The TL494 it looks like you're using while at first glance seems OK for half bridge as it's voltage mode control, the part itself is obsolete and not recommended for new designs. It's a general purpose PWM IC rather than a SMPS IC and so it does things strange ways.
IIRC, the compensation of the on board error amplifier doesn't work as expected. It's kind of backwards, so if you look at your typical type III opamp compensation with the voltage divider from output to IN- with RC across the top resistor and RC from the FB pin to IN- and a reference voltage on the IN+ formed by a voltage divider down from the internal 5V reference. In the TL494 however, you have to have the reference to the IN- pin and Vout to the IN+ pin, which means the compnesation is on the reference side of it rather than the Vout side. So, the series RC from Vout to IN+ should be from Vref to IN-.

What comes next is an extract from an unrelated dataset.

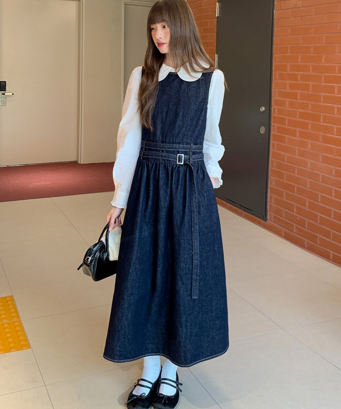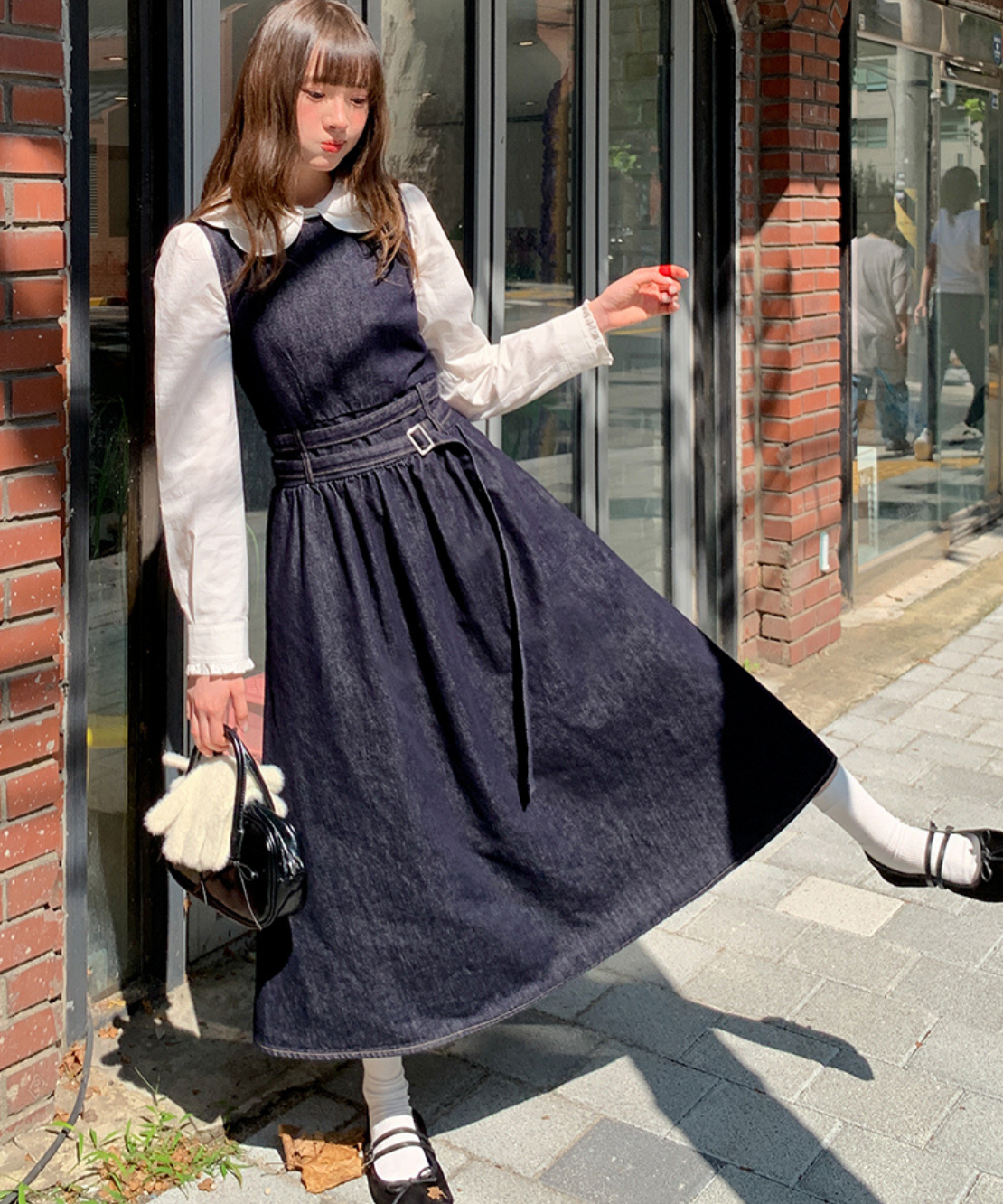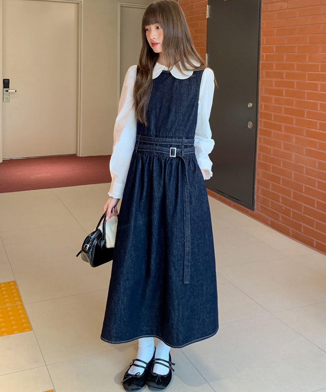 ウエストのベルトデザインがアクセントになったデニムワンピースです。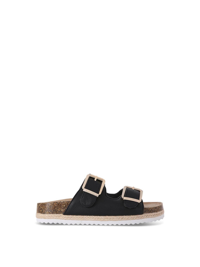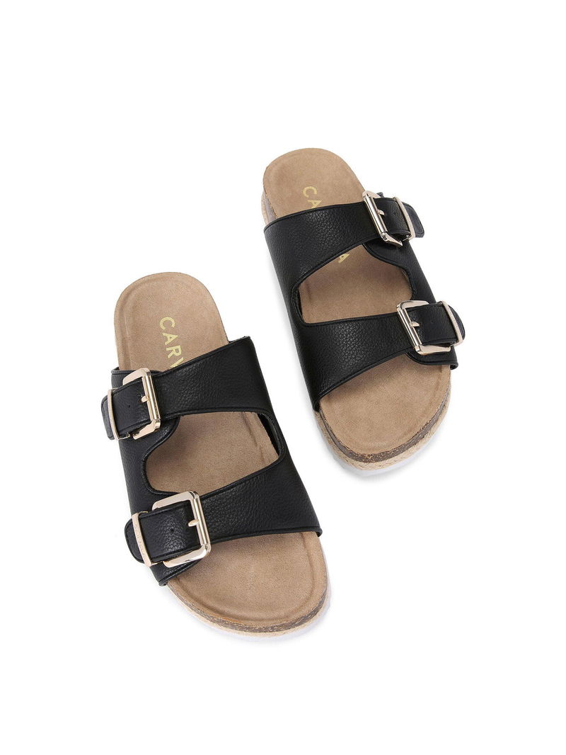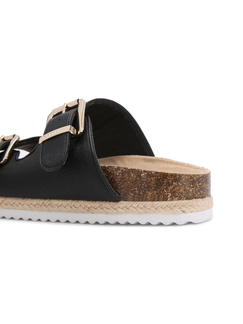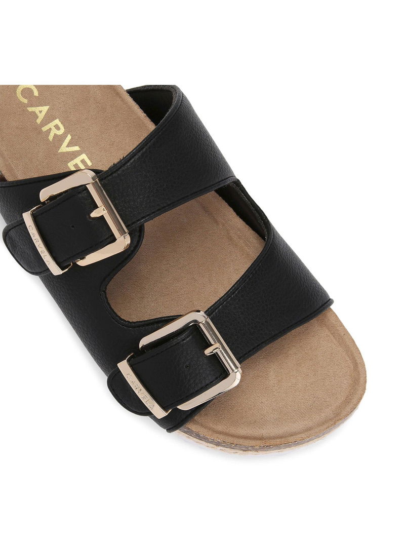 The Carvela Paradise is a slip-on sandal with black upper. There are two straps across the foot that are fastened with two gold buckles. The moulded footbed and sole features a rope effect with rubber outsole.

I wouldn't expect to see the electrolytic capacitor on the FB pin, don't know what it's doing, can't imagine it help stability.
Typically with a pot to adjust the output voltage, you'd want it out of the AC feedback loop so that it doesn't affect stability, which means making it the lower resistor of a voltage divider. You also would typically want to set it up so that the input voltage to the error amplifier doesn't go up and down but rather stays in the linear region. The error amplifiers in SMPS chips are very primative opamps and won't behave well near their rails. You have 2 pots to set the voltage. I can't see really how one is a set point and one is a set limit like they're labelled. If it's a regulated power supply you should only need one pot and possibly a resistor or 2 in series with it to set its minimum/maximum position.
The TL494 has 2 error amps OR'd together, and it's very tempting to set one up for voltage limiting and one for current limiting, but this will behave very poorly. the IC has no internal latching, so current limting will result in many switching transitions within a single switching period. i.e. high frequency oscillation dramatically increasing switching loss. Also, the half bridge topology is unsuitable for current mode control which is essentially what you're trying to implement by doing this. The bus voltage between the capacitor divider will be pulled to one of its rails by positive feedback and the transformer will saturate. Doesn't really matter if you're regulating the primary current or the output inductor current in this regard, although there is inherently less protection when you have no current limiting on the primary.
For a half bridge, the minimum IC I'd recommend is a SG3525 or equivalent (I like UC2525A). It can be interfaced directly with a gate drive transformer or hi/lo gate driver IC, has a more textbook design and incorperates features such as latching, UVLO, totem pole outputs, soft start etc, all of which are really required of a proper SMPS.